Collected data
:::
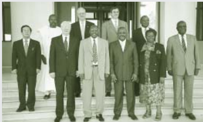
Le Conseil d'administration avec Son Excellence Seydou Traore, Ministre de l'Agriculture, de l'Elevage et des Pêches, Gouvernement du Mali (premier rang, 2e à gauche)

23e Réunion du Conseil d'administration, Bamako, Mali, 24–28 février 2003
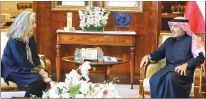
الشيخ د. أحمد ناصر المحمد مستقبلا سفيرة فرنسا ماري ماسدوبوي

خلال اللقاء بجهودها وإسهاماتها في دعم وتعزيز العلاقات الثنائية الوطيدة التي تربط بين البلدين الصديقين. وحضر اللقاء نائب مساعد وزير الخارجية لشؤون وزير الخارجية المستشار أحمد الشريم وعدد من كبار مسؤولي وزارة الخارجية.
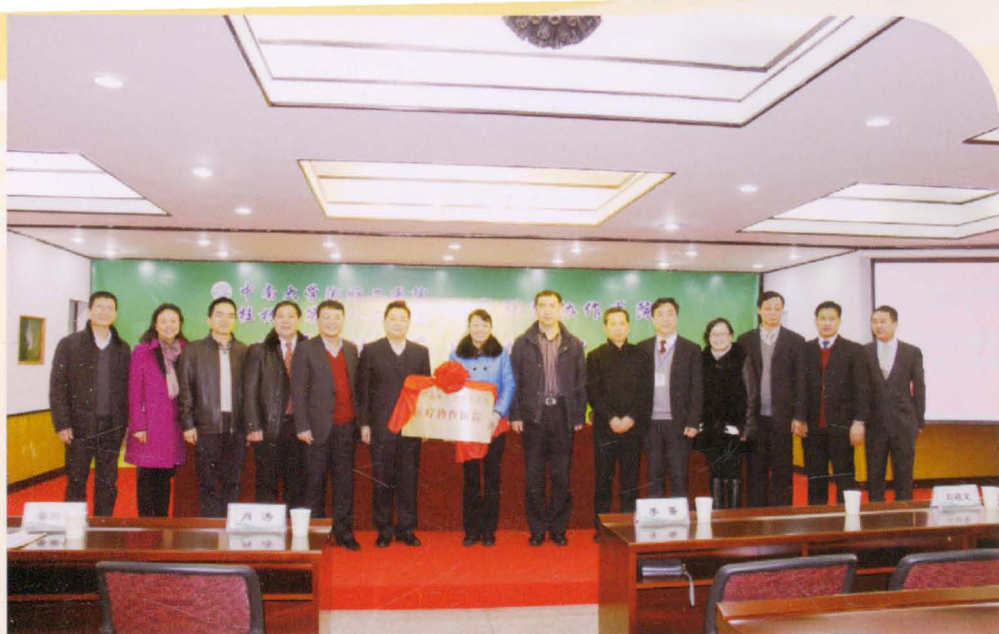
2014年与中南大学湘雅二院结为医疗协作医院
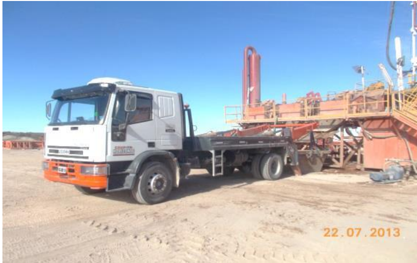
Camión Porta contenedor Extensible
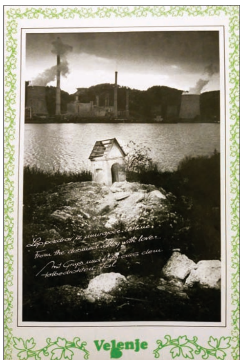
Slika: 2: Razglednica iz serije Pozdrav iz umirajoče doline (produkcija Fotoklub Zrno Titovo Velenje 1986).

Čez noč se prebudila ekološka zavest in se prelevila v spontano, a stihijsko protestno gibanje. Socialistična zveza delovnega ljudstva (SZDL), kot inštitucija, je sicer skušala gibanje usmeriti pod svoje okrilje, a ji ni dobro uspelo zaradi prebujenih družbenih gibanj v tem obdobju. V rudarskem spalnem Velenju pa je protestno gibanje poganjalo več kulturnih skupin, ki so sledile nemirnemu dogajanju v Zavodnjah. Ekološka vprašanja, tudi za nazaj in zaradi njihovih posledic, so začeli odpirati v formi kul-
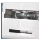
możliwość połączenia za pomocą szyn grzebieniowych
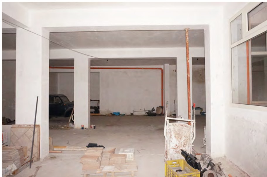
foto 31 - vista ambiente interno
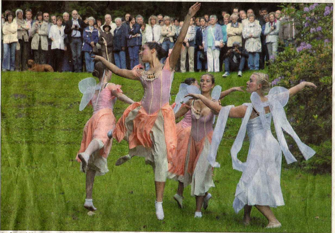
Großes Publikum zog die Ballett- und Tanzakademie am frühen Morgen mit ihrem Elftanz am Ballotsbrunnen an.

Der Bär tobte unterdessen am Forsthaus Löhen, das von vielen Hundert Wanderern bevölkert wurde. Die Dixieland-Band „Seven Street Synopators“ hatten hier ihre Bühne aufgestellt, zogen aber mitunter auch als Marching Band mit Susaphon, Wasch-
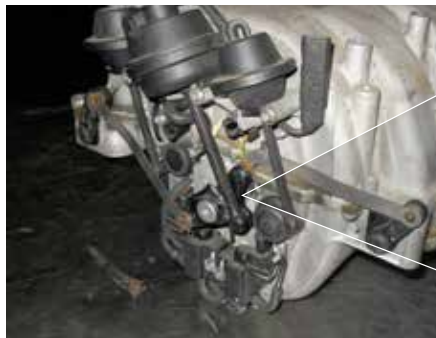
Schadensbild: Bruch am Schaltgestänge
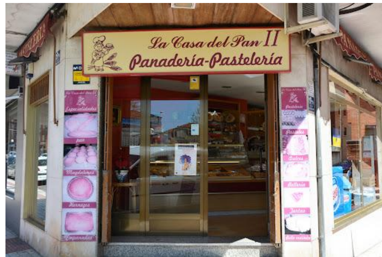
La Casa del Pan
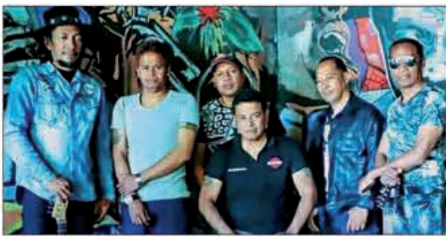
"Au grand complet" ny tarika amin'io.
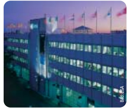
Die ESA in Darmstadt.

im Maßstab 1:1 von zurzeit im fernen Weltraum fliegenden Satelliten bestaunen und bekam kompetent zahlreiche Fragen zur Kontrolle von Satellitenmissionen und zur Erforschung von Sonne, Mars und Kometen beantwortet, letztlich aber auch, warum für so eine bedeutende Einrichtung der European Space Agency (ESA) ausgerechnet die hessische Stadt Darmstadt den Zuschlag erhielt. Die Antwort war einleuchtend: Man brauchte für die Einrichtung eines Europäischen Weltraumkontrollzentrums 1967 einen Großrechner mit einer für damaliges Technologieniveau selten zu findenden Spitzen-
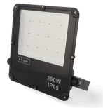
LM6577 Projetor LED Slim Series 200W 4000K
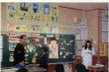
[昨年度の小学3年生の食に関する指導の授業風景]
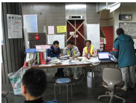
路面清掃担当者との打合せ状況 (4/5)
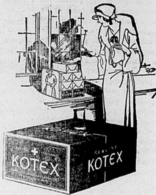
En 2 grandeurs: Kotex Régulier et Kotex-Super; 12 par paquet
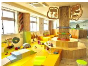
「地域子育て支援センターにじいろ」

子どもという切り口で全庁横断的に中長期に仕組みをつくっていくというのは簡単ではありません。しかし、CFCIを推進することで、女性や高齢者、性的マイノリティの方等にも優しいまちになると考えます。少子化の問題も危機的な状態ですし、長期的に見た時に、社会全体にとって必要な取り組みだと思います。
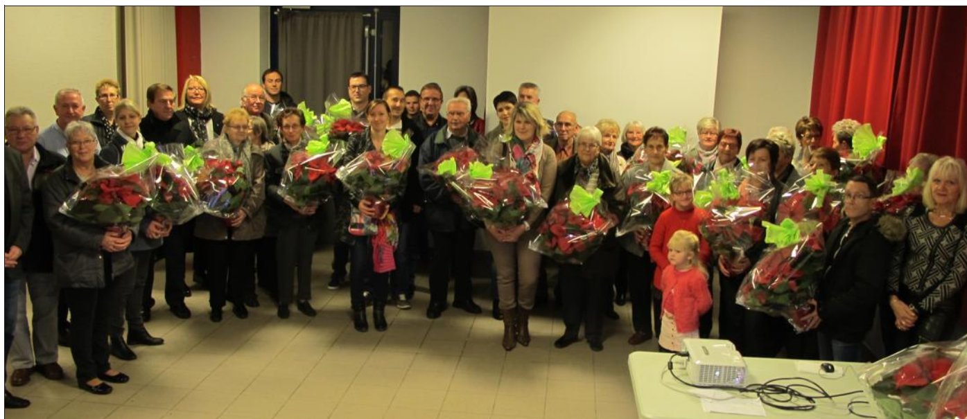
Les fleurs de l'été ont été évoquées durant une soirée et les mains vertes récompensées.

Quarante habitants ont été récompensés par la commune pour le fleurissement de leur habitation suite au 14e concours des maisons fleuries du village. Contrairement aux années précédentes, il n'a pas été question de palmarès ni de compétition, mais le jury a sim-
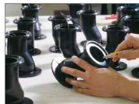
Alcune delle fasi di sbavatura delle guarnizioni
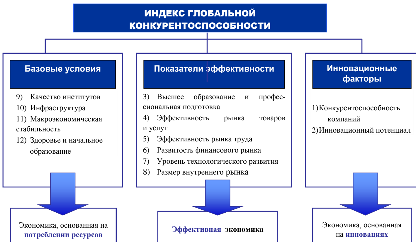
Рис. 1 Схема Индекса Глобальной Конкурентоспособности [2]

расчета Индекса для того, чтобы он оставался адекватным инструментом измерения уровня конкурентоспособности в постоянно меняющейся глобальной среде.
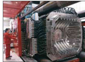
Cea ma mare masina de injectie din lume

Caldura generata in timpul pocesului de productie este procesata de un sistem de recuperare si este utilizata la incalzirea facilitatilor de productie si al birourilor.
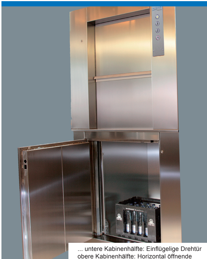
... untere Kabinenhälfte: Einflügelige Drehtür obere Kabinenhälfte: Horizontal öffnende Schiebetür
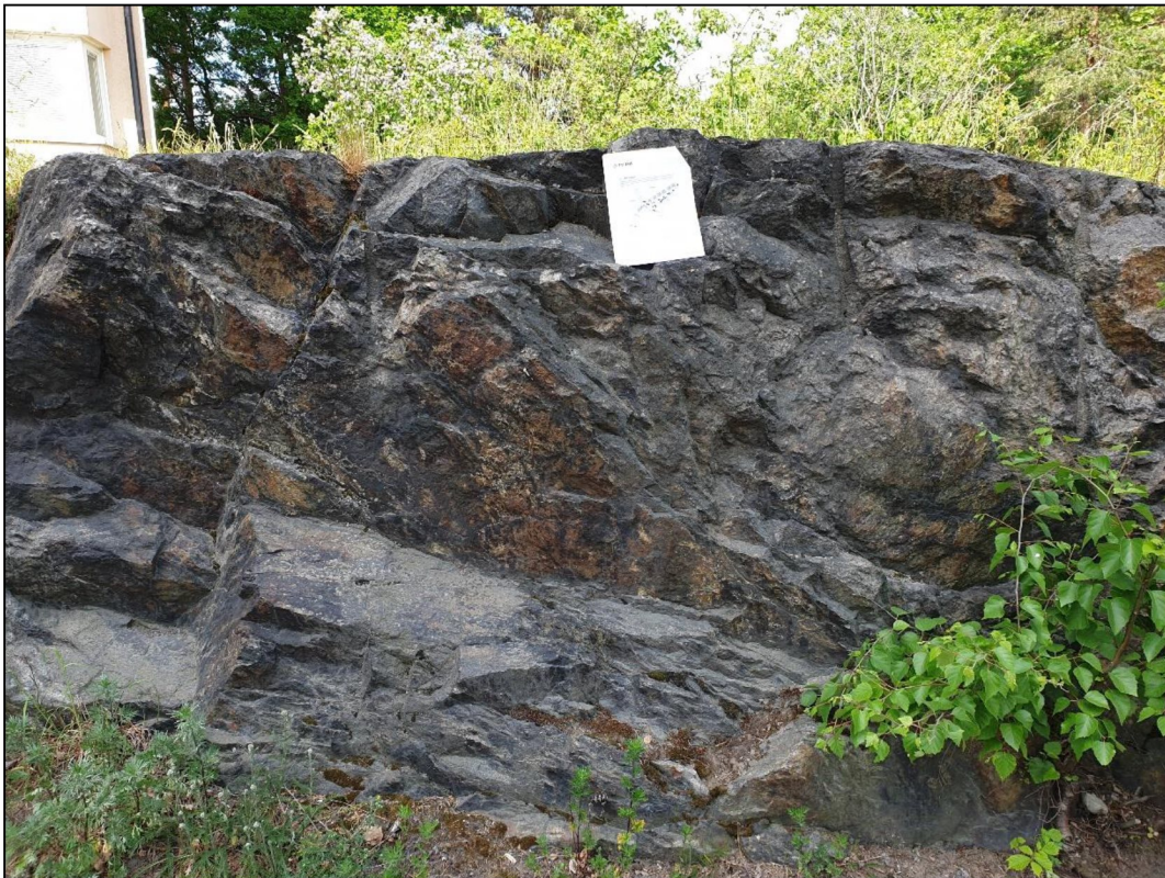
Figur 8. Oxiderade sprickyta vid Sverkersgatan.
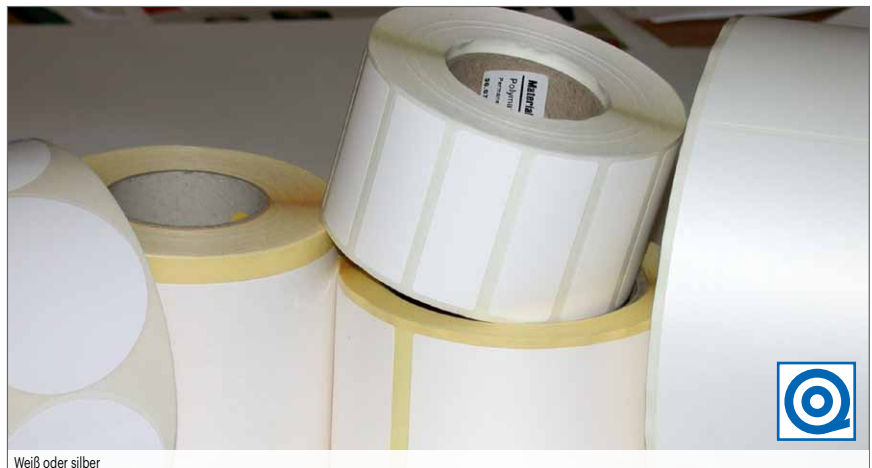
Weiß oder silber
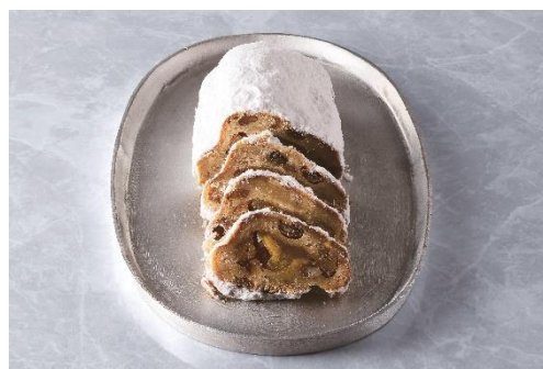
りんごとメープルのシュトーレン

さわやかな風味の辛口シードルとアマレットにしっかりと漬け込んだドライりんごに皮付きアーモンドを纏わせ、包み込むように焼き上げました。香りと甘みが豊かなメープルシロップを使用し、生地に練り込むだけでなく、メープルブラウニーを加えることでその香りをしっかりと感じられるように仕上げました。ギフトにもおすすめのミニサイズです。
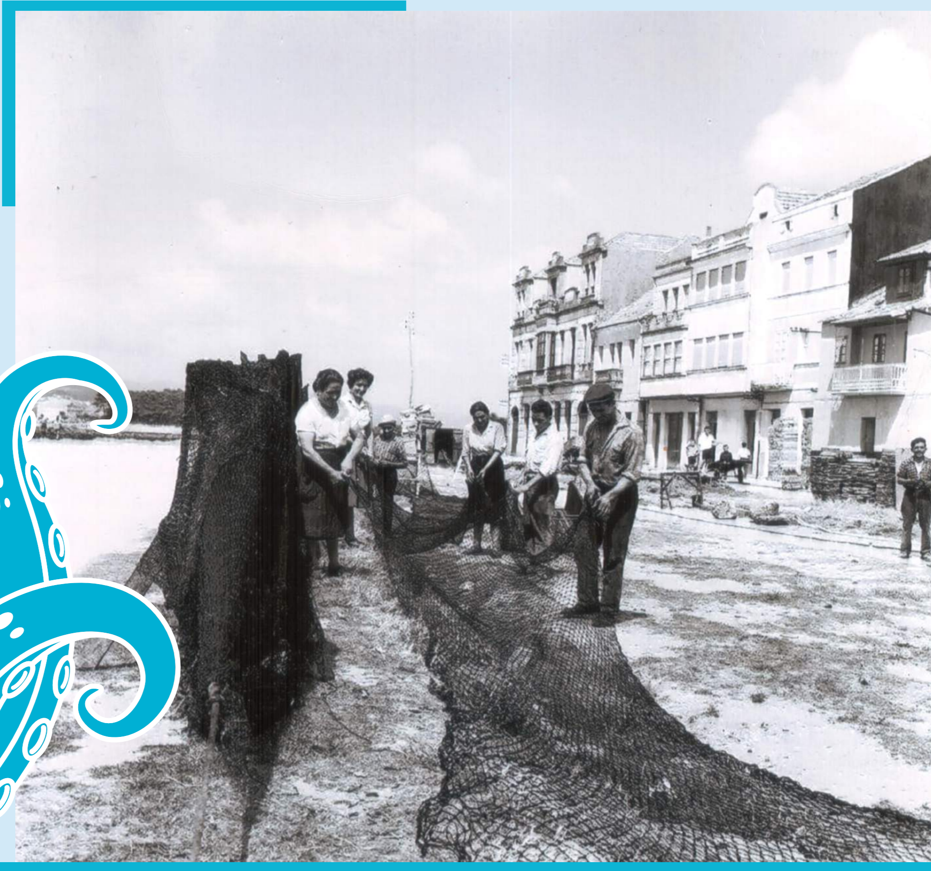
REPARANDO LA RED.
:::
# What the exercise asks
Pictures must be left out of the answer, which should be exactly the lines from the one holding "Alcune delle fasi" through the last line of the entries above, both included; please add nothing.

# Solved problem
Alcune delle fasi di sbavatura delle guarnizioni
Рис. 1 Схема Индекса Глобальной Конкурентоспособности [2]

расчета Индекса для того, чтобы он оставался адекватным инструментом измерения уровня конкурентоспособности в постоянно меняющейся глобальной среде.
Cea ma mare masina de injectie din lume

Caldura generata in timpul pocesului de productie este procesata de un sistem de recuperare si este utilizata la incalzirea facilitatilor de productie si al birourilor.
... untere Kabinenhälfte: Einflügelige Drehtür obere Kabinenhälfte: Horizontal öffnende Schiebetür
Figur 8. Oxiderade sprickyta vid Sverkersgatan.
Weiß oder silber
りんごとメープルのシュトーレン

さわやかな風味の辛口シードルとアマレットにしっかりと漬け込んだドライりんごに皮付きアーモンドを纏わせ、包み込むように焼き上げました。香りと甘みが豊かなメープルシロップを使用し、生地に練り込むだけでなく、メープルブラウニーを加えることでその香りをしっかりと感じられるように仕上げました。ギフトにもおすすめのミニサイズです。
REPARANDO LA RED.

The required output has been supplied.